I saw it as an absurdist comment on symbolism itself, expressed with a cymbal. The lighting normalized, the singer rose away and the rest of the band came together for a soul-rending finish featuring a few well chosen bars off their 2014 release “Corridor of Diamond Rings” and the audience went apeshit.

After Hundos cleared off, my friend DJ positioned himself at the foot of the stage watching two Japanese people – a man in a surgical mask and a woman with bushy chin length hair – who brought out about a dozen amps. The man did a sound test on guitar. He scowled at the asymmetry of Skully’s music hall, in particular the staircase up to the mezzanine. Then the woman, who’d been working a laptop that was run through a mixer board, plugged in a microphone and did a few tongue clicks into it: “TIK! TOK! TAK!” She seemed satisfied with the echo.

Suddenly the music hall was shoulder-to-shoulder full of excited people, the lights dimmed, and the two onstage faced the audience. They were Yasuko “Yako” Onuki and Ichirou Agata: Melt-Banana. For this tour the band’s drummer and bassist were replaced by recordings. Yako sang and directed the progression of playback using a glowing Bluetooth remote, and Ichirou followed the remote like a conductor’s baton.

From the outset, DJ stood at the edge of the stage at Yako’s feet, looking up at her, and the music didn’t stop for almost an hour. There were very few intros or outros, anecdotes, and titles. More just song before song after song upon song. Among the 30 or 40 pieces Melt-Banana blazed through I heard “Monkey Man,” “Candy Gun,” and “Ninja Slayer.” I bounced and swayed, standing at the back until their encore when I let myself bust-loose up to the front, to the mosh pit, where I slam danced my way to DJ, my elbows wailing as I stepped backward into fists and forearms, battling for my place at the front of the stage. I looked up at Yako who held her glowing remote, her body fading in and out through the strobe lights and a blue projection of a music player’s visualizer washing over her silhouette. The light from the remote never flickered. It was as if Tron had been directed by David Lynch.

After the show DJ bought some Melt-Banana merchandise, directly autographed by Yako, and gave me a Hundos tee. When I had the band sign it, the singer and I recognized each other, and then he and DJ recognized each other. Then it clicked. This energetic showman who had so impressed me and whose band had just opened for a pair of international celebrities was Short North regular Sean Hundley.

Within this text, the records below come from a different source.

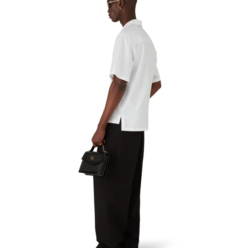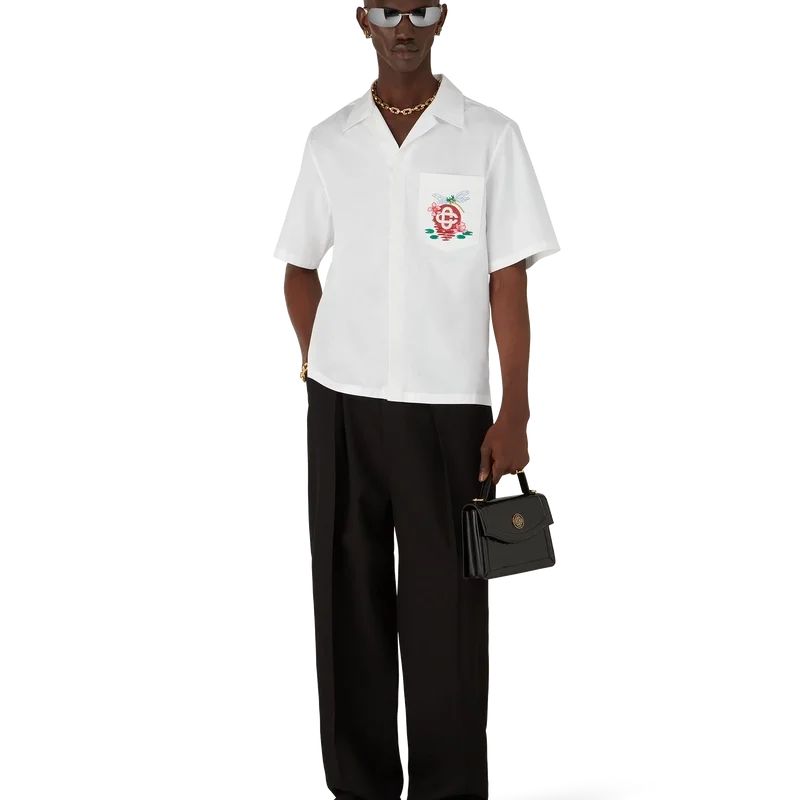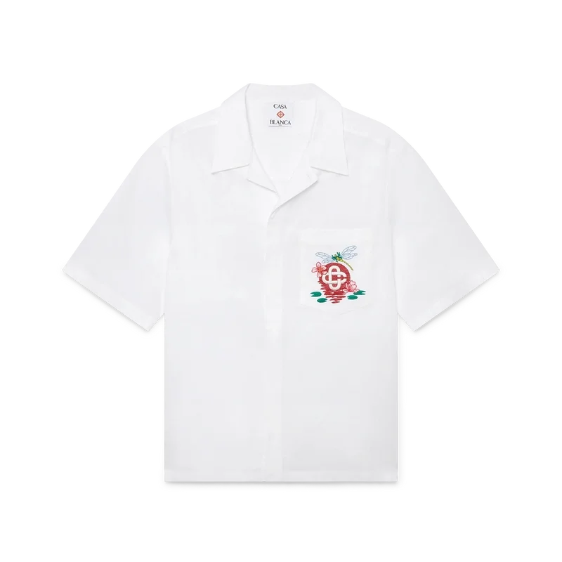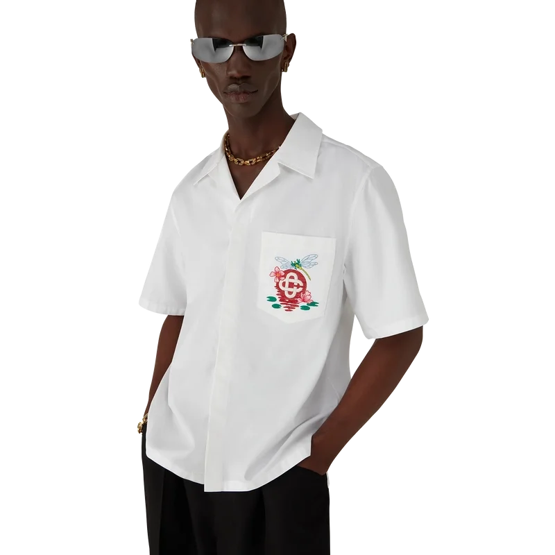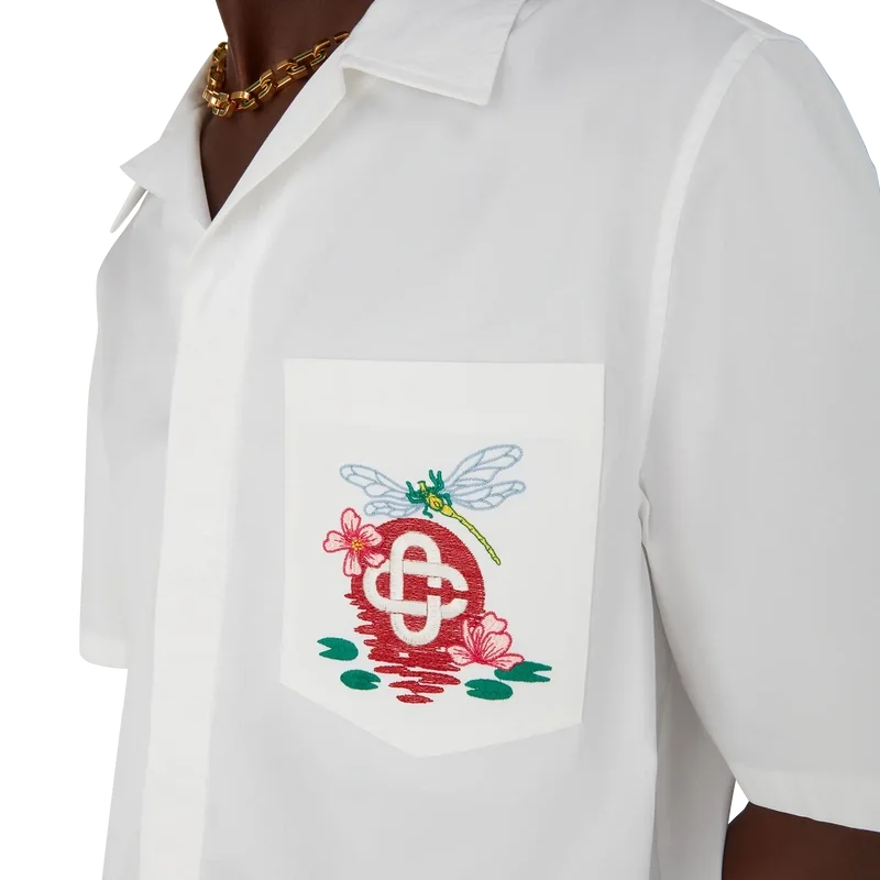 Das bestickte Kurzarm-Shirt aus Baumwollpopeline ist ein klassisches Design aus Baumwollstoff mit saisonalen Motiven, bei denen die Libelle als zentrales Symbol im Vordergrund steht und einen weicheren, sanfteren Kontrast bildet, während die Lotusblumen und die Reflexion der Sonne auf dem Wasser an Casablancas Natursymbolik anknüpfen. Abgerundet wird das Design durch einen Kubanerkragen, einen Knopfverschluss, eine Brusttasche, die charakteristischen Corozo-Knöpfe mit dem ineinander verschlungenen Cc-Logo sowie einen High-Low-Saum.
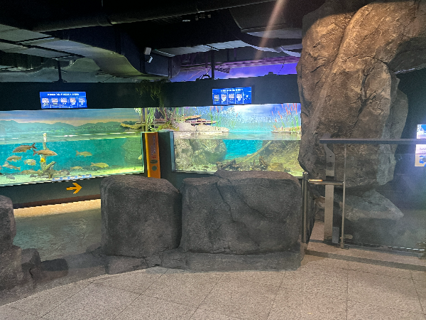 입구를 따라 들어가면 물고기를 바로 만날 수 있어요! 🚶♀️
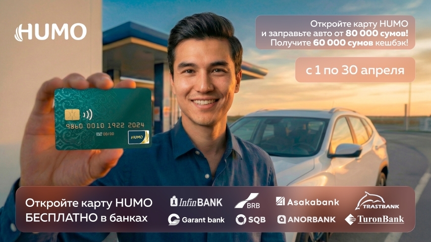 С 1 по 30 апреля 2026 года пользователи, оформившие физическую или виртуальную карту HUMO в банках-партнёрах, смогут получить кешбэк за оплату топлива.
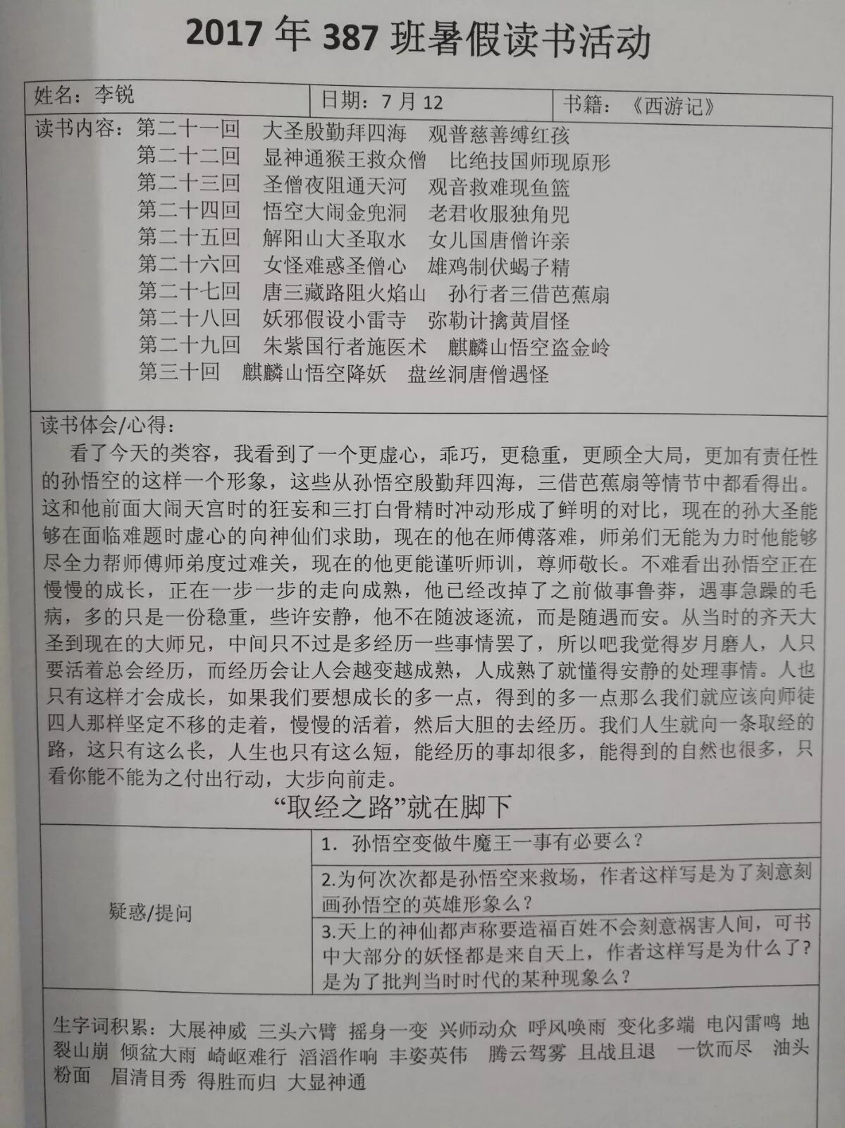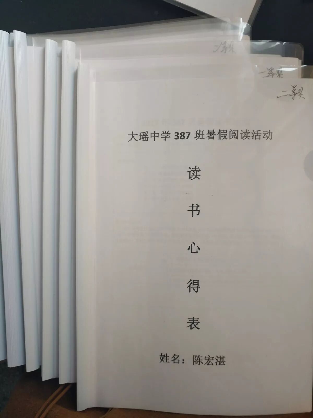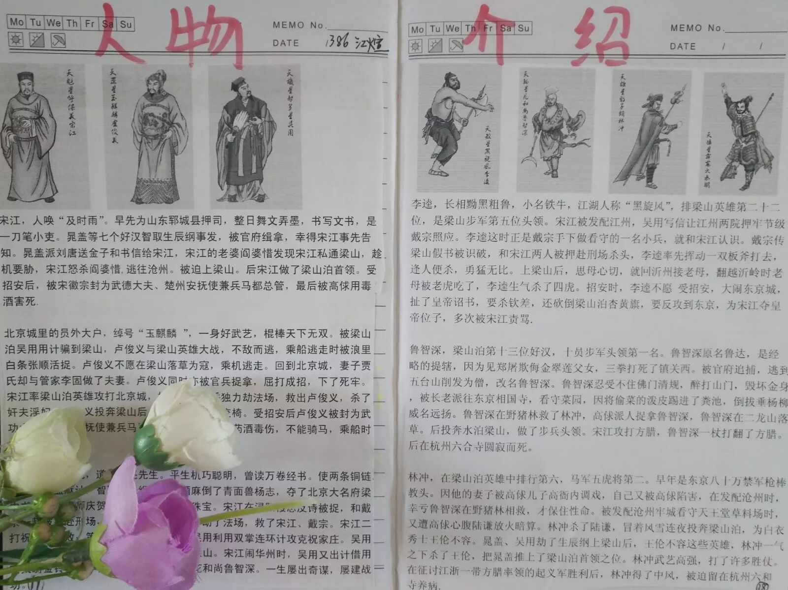 上学期末,同学们便接到了暑假读书任务卡,要求在暑假完成《水浒传》《西游记》《培根随笔》《傅雷家书》四本书的阅读,并要求做好详细的读书笔记,写好读书心得和一本字帖。到本期期初,收集暑假成果,成立学生评委团,由评委团制定评分细则并负责从720份读书笔记和读书心得中评选出优秀篇目。他们细心、公正的态度获得师生一致好评。
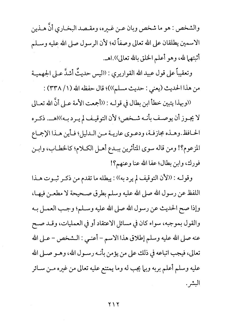 وقوله: ((لأن التوقيف لم يرد به)) : يبطله ما تقدم من ذكر ثبوت هذا اللفظ عن رسول الله صلى الله عليه وسلم بطرق صحيحة لا مطعن فيها، وإذا صح الحديث عن رسول الله صلى الله عليه وسلم؛ وجب العمل به والقول بموجبه، سواء كان في مسائل الاعتقاد أو في العمليات، وقد صح عنه صلى الله عليه وسلم إطلاق هذا الاسم - أعني: الشخص - على الله تعالى، فيجب اتباعه في ذلك على من يؤمن بأنه رسول الله، وهو صلى الله عليه وسلم أعلم بربه وبما يجب له وما يمتنع عليه تعالى من غيره من سائر البشر.
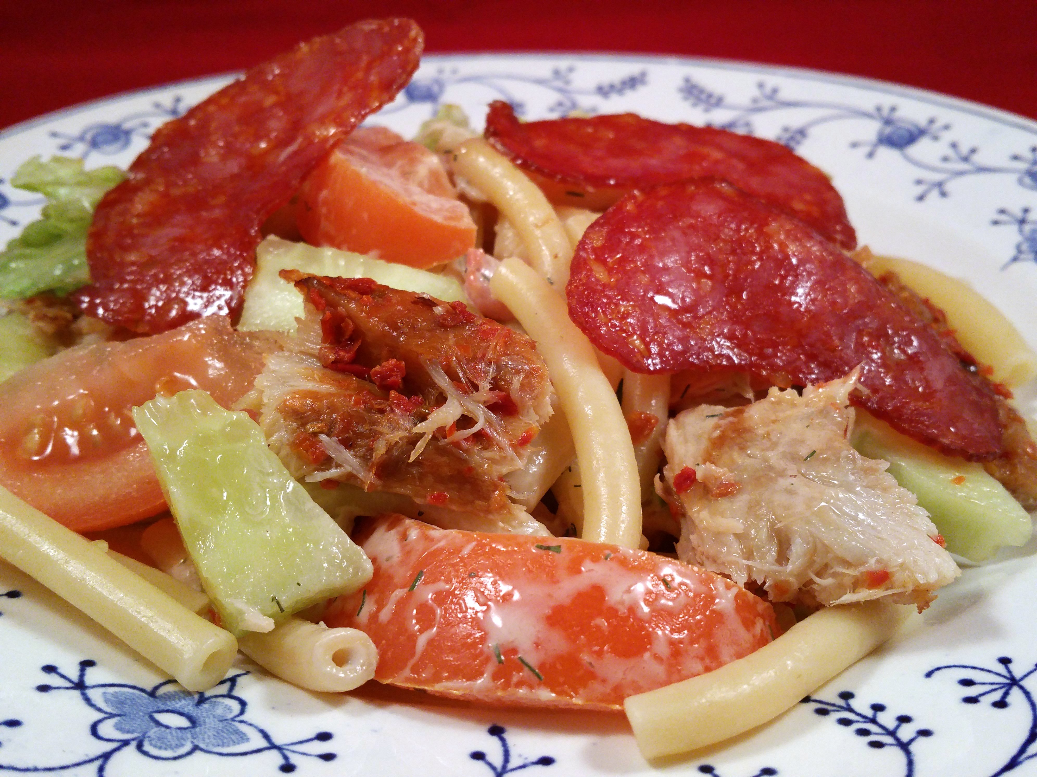 Meng samen de spekjes, de tomaten, de komkommer, de pasta, de makreel filets, de sla en de dressing.
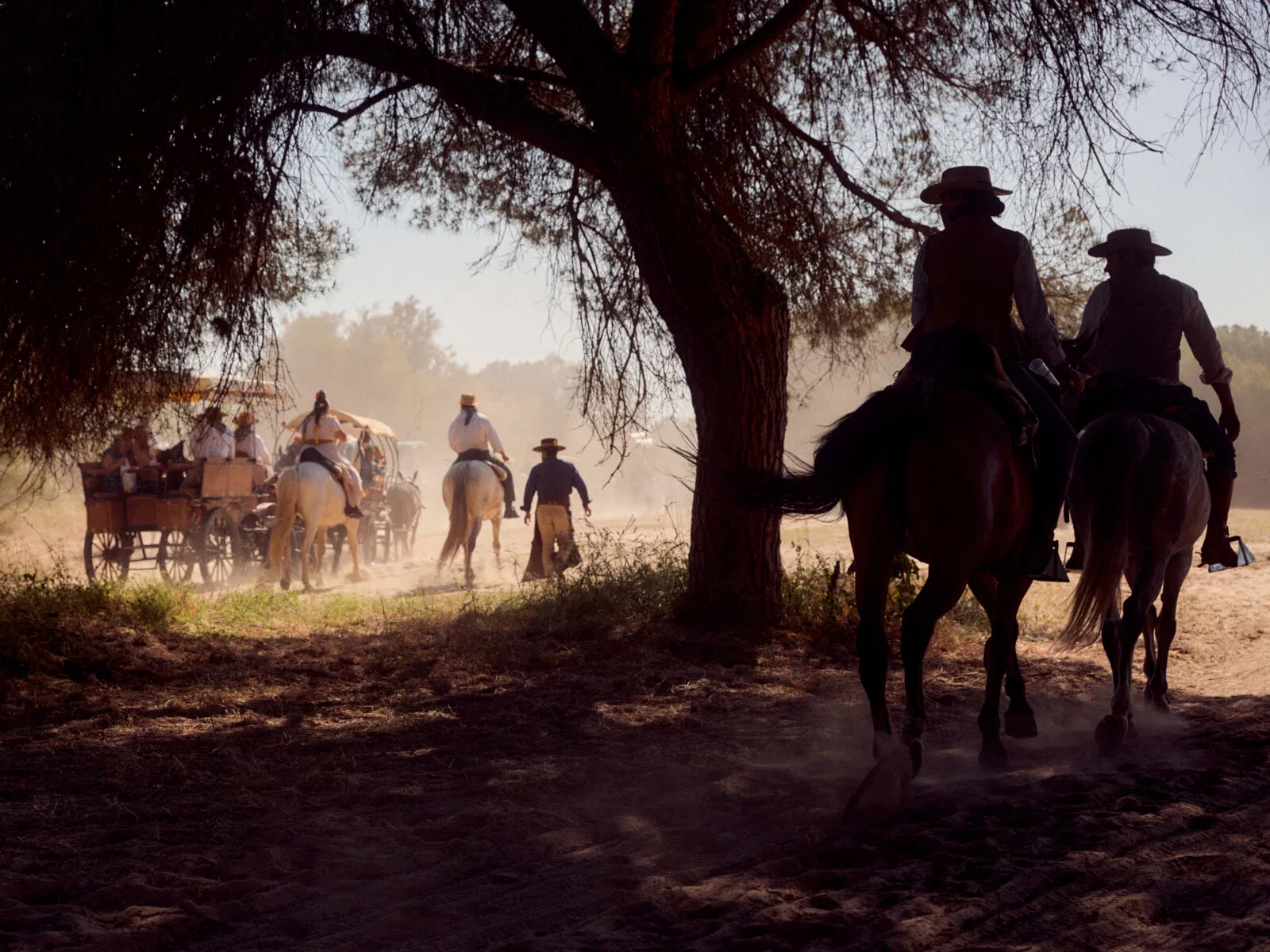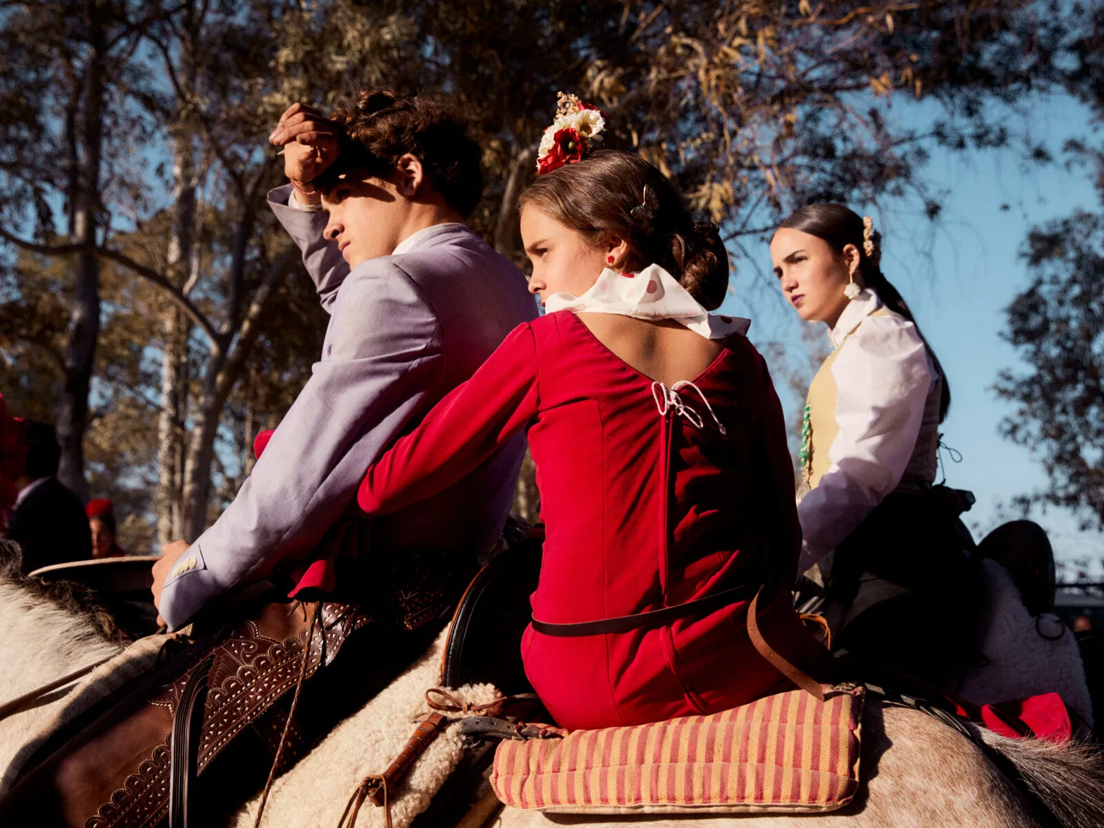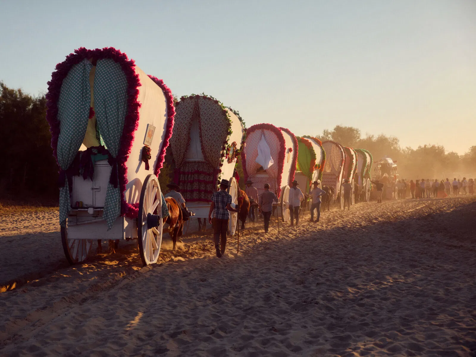 L.Foggitt: I flew out with my filmmaker friend Charlie, excited but also uncertain of what to expect. We spent a couple of nights with the family in a nearby village before setting off on the pilgrimage in a horse-drawn carriage—speeding along sandy tracks with hundreds of other pilgrims, stopping for drinks and tapas under the trees. While our journey lasted only a day, others traveled for weeks.
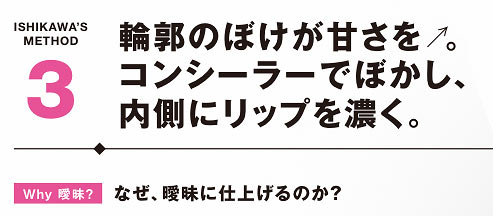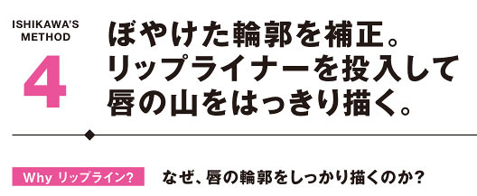 ここでのリップの役目はほどよい血色感と立体感を出して、目元を引き立てること。シャープさに強さは必須のため、輪郭はきっちり描くが、に塗る。メリハリがポイントだ。
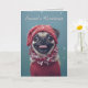 Este cartão de Natal bonito apresenta um adorável cão de cão vestido para neve com chapéu vermelho, abafador e casaco. Você pode personalizar a saudação na frente e a mensagem dentro da placa de acordo com o seu gosto.
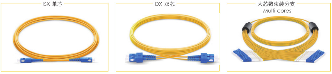 可根据纤芯芯数分类,如单芯光纤跳线,双芯光纤跳线,大芯数分支光纤跳线,大芯数束装光纤跳线

You can often find Sean behind the counter at One Line Coffee. The first story I ever wrote for this paper featured him as just about the most knowledgeable barista you could ever meet, and he loves everything about coffee and his place in the industry. Turns out he’s not just a one-sided, two-dimensional café maven. He has more interests brewing than coffee and more hobbies than preparing the perfect cup of java. He can also put on a pulse-pounding stage show that speeds you up like a double-espresso.